In the run up to next week’s annual American Political Science Association meeting in Washington, we have several conversations teed up with our academic partners about the current state of affairs and what, if anything, the Madison Initiative can do to help improve it.  To prime the pump for these discussions, we have shared three big—and in our minds truly open—questions with colleagues who will be in attendance. I thought it would be a good idea to share these same questions with readers of this blog, in what I will confess is a shameless request for help in the form of extended comments and / or guest posts with your answers to them. So here goes:

First, our modern parties—well-sorted, ideologically coherent, and politically divergent—seem increasingly at odds with the core constitutional features of our system of government (separation of powers, checks and balances, federalism). Those features presume the need for compromise and appeared to be much better adapted to the pragmatic, catch-all parties of yore. Where do we go from here if the goal is to support government that can actually solve problems? We aren’t presuming we can revert back to the golden age of the mid-20th Century (if in fact it was that golden). But what are the alternative models for how our system of government could function reasonably effectively? Are there any relevant lessons from comparative politics or American history that would suggest a path forward?

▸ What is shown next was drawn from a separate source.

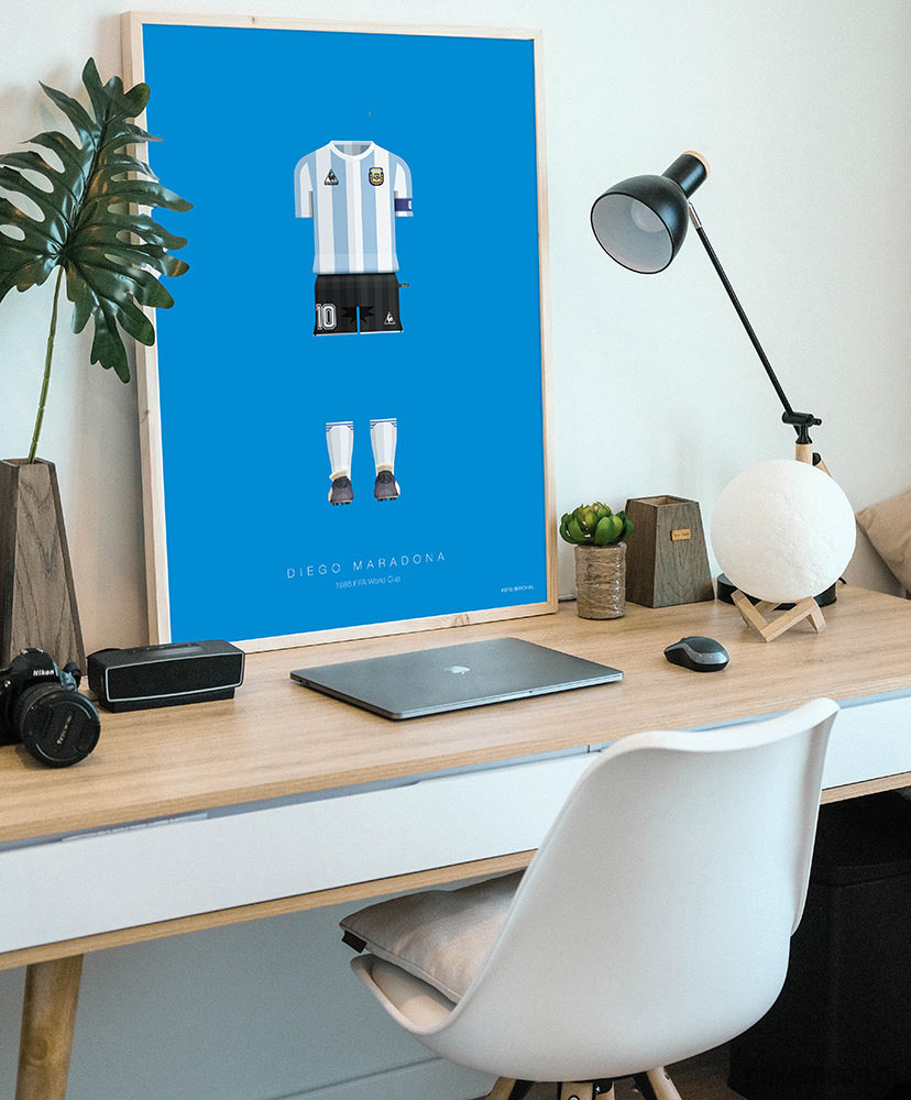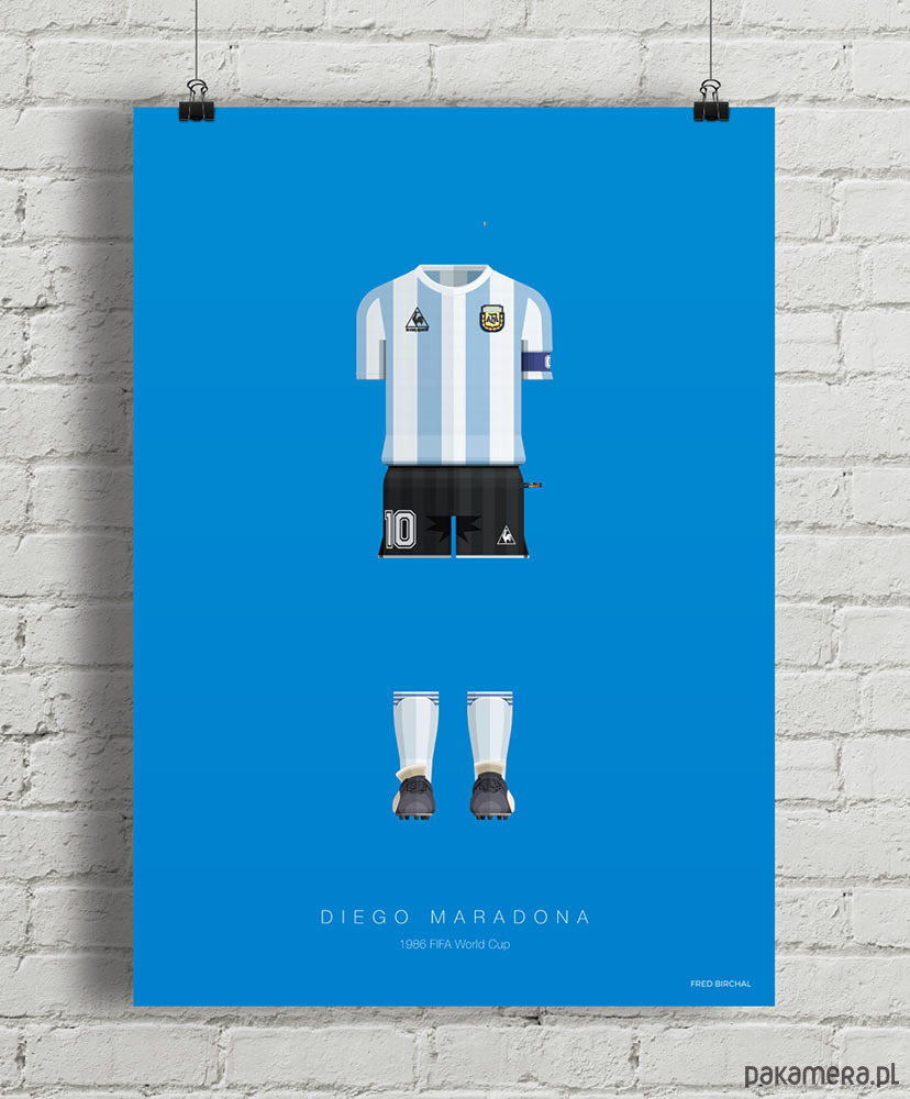 Grafika inspirowana genialnym piłkarzem Diego Armando Maradoną. W 2000 roku został wybrany najlepszym piłkarzem XX wieku wraz z Pelem. Plakat przedstawia jego strój reprezentacji z 1986 roku, w którym Maradona wraz z Argentyną zdobył mistrzostwo świata. Maradona zasłynął jako kultowy zawodnik nie tylko w barwach reprezentacji - dla neapolitańczyków do dziś ma status piłkarza wszech czasów.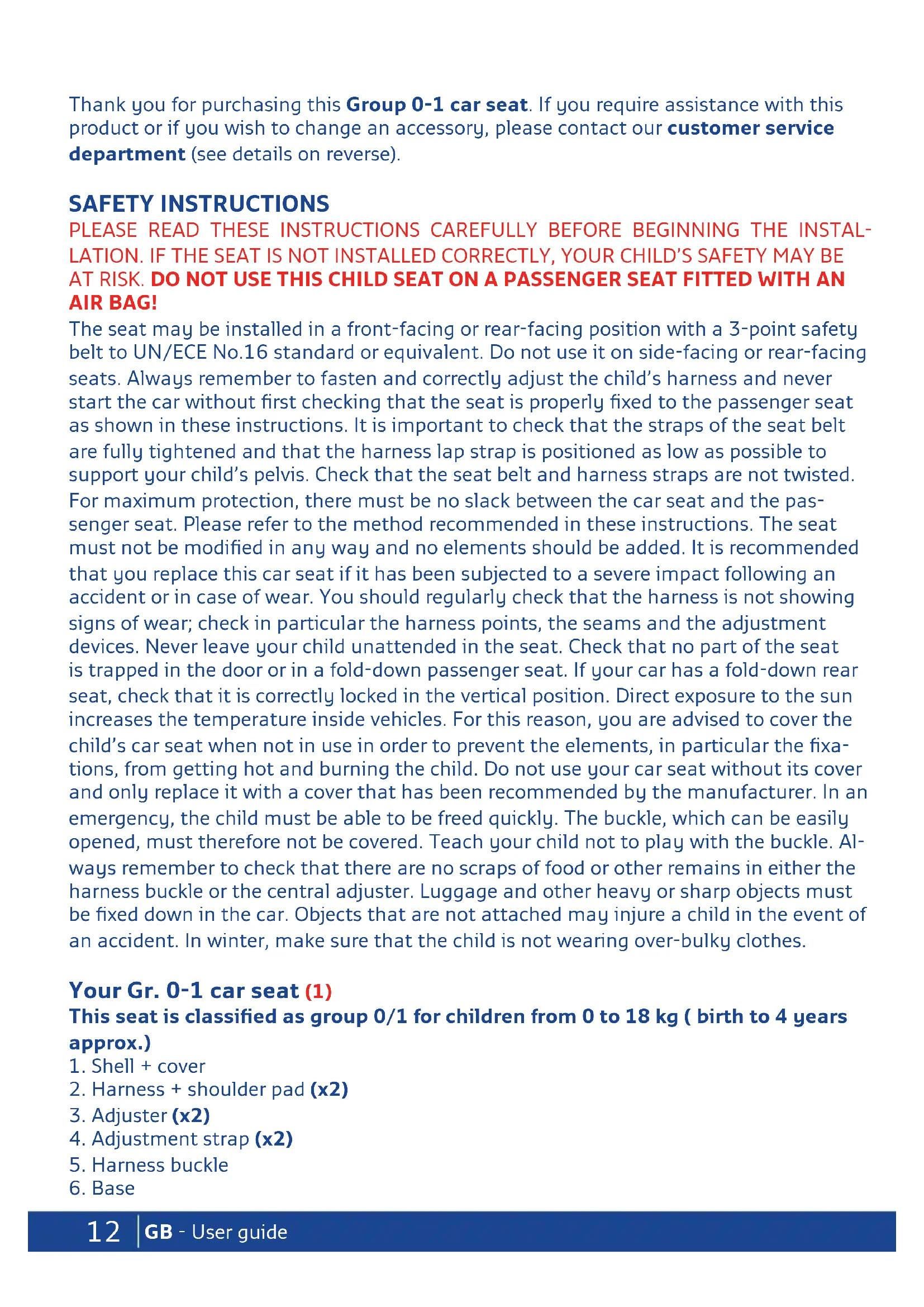 deur.12 GB - User guide Thank you for purchasing this Group 0-1 car seat. If you require assistance with this product or if you wish to change an accessory, please contact our customer service department (see details on reverse). SAFETY INSTRUCTIONS PLEASE READ THESE INSTRUCTIONS CAREFULLY BEFORE BEGINNING THE INSTAL- LATION. IF THE SEAT IS NOT INSTALLED CORRECTLY, YOUR CHILD’S SAFETY MAY BE AT RISK. DO NOT USE THIS CHILD SEAT ON A PASSENGER SEAT FITTED WITH AN AIR BAG! The seat may be installed in a front-facing or rear-facing position with a 3-point safety belt to UN/ECE No.16 standard or equivalent. Do not use it on side-facing or rear-facing seats. Always remember to fasten and correctly adjust the child’s harness and never start the car without first checking that the seat is properly fixed to the passenger seat as shown in these instructions. It is important to check that the straps of the seat belt are fully tightened and that the harness lap strap is positioned as low as possible to support your child’s pelvis. Check that the seat belt and harness straps are not twisted. For maximum protection, there must be no slack between the car seat and the pas- senger seat. Please refer to the method recommended in these instructions. The seat must not be modified in any way and no elements should be added. It is recommended that you replace this car seat if it has been subjected to a severe impact following an accident or in case of wear. You should regularly check that the harness is not showing signs of wear; check in particular the harness points, the seams and the adjustment devices. Never leave your child unattended in the seat. Check that no part of the seat is trapped in the door or in a fold-down passenger seat. If your car has a fold-down rear seat, check that it is correctly locked in the vertical position. Direct exposure to the sun increases the temperature inside vehicles. For this reason, you are advised to cover the child’s car seat when not in use in order to prevent the elements, in particular the fixa- tions, from getting hot and burning the child. Do not use your car seat without its cover and only replace it with a cover that has been recommended by the manufacturer. In an emergency, the child must be able to be freed quickly. The buckle, which can be easily opened, must therefore not be covered. Teach your child not to play with the buckle. Al- ways remember to check that there are no scraps of food or other remains in either the harness buckle or the central adjuster. Luggage and other heavy or sharp objects must be fixed down in the car. Objects that are not attached may injure a child in the event of an accident. In winter, make sure that the child is not wearing over-bulky clothes. Your Gr. 0-1 car seat (1) This seat is classified as group 0/1 for children from 0 to 18 kg ( birth to 4 years approx.)

Second, we have also been struck by the growing body of literature that is reconceiving parties as networks anchored in, and animated by, elites and well-organized interests acting as “long coalitions” of “intense policy demanders.” We appreciate that, insofar as it reflects the evolving reality, this conception of parties calls into question a number of assumptions, about the electorate’s role in our political system, the accountability of parties, and the ability of the system to force recalcitrant partisans back to the center. What should we make of this alternative view of party politics? If it holds up, what does it imply for our goal of alleviating the impact of polarization?

Finally, are there any structural reforms to our electoral system and processes (e.g., primaries, redistricting, campaign finance, voter registration and election administration, etc.) that you believe should be a central focus of our grantmaking? We went into this work expecting that these types of reforms would be very important, but the more we sift the evidence about their potential impact and consider the challenges and opportunities for making them happen on a state-by-state basis, there don’t appear to be any “slam dunks” in this area. Are we missing anything?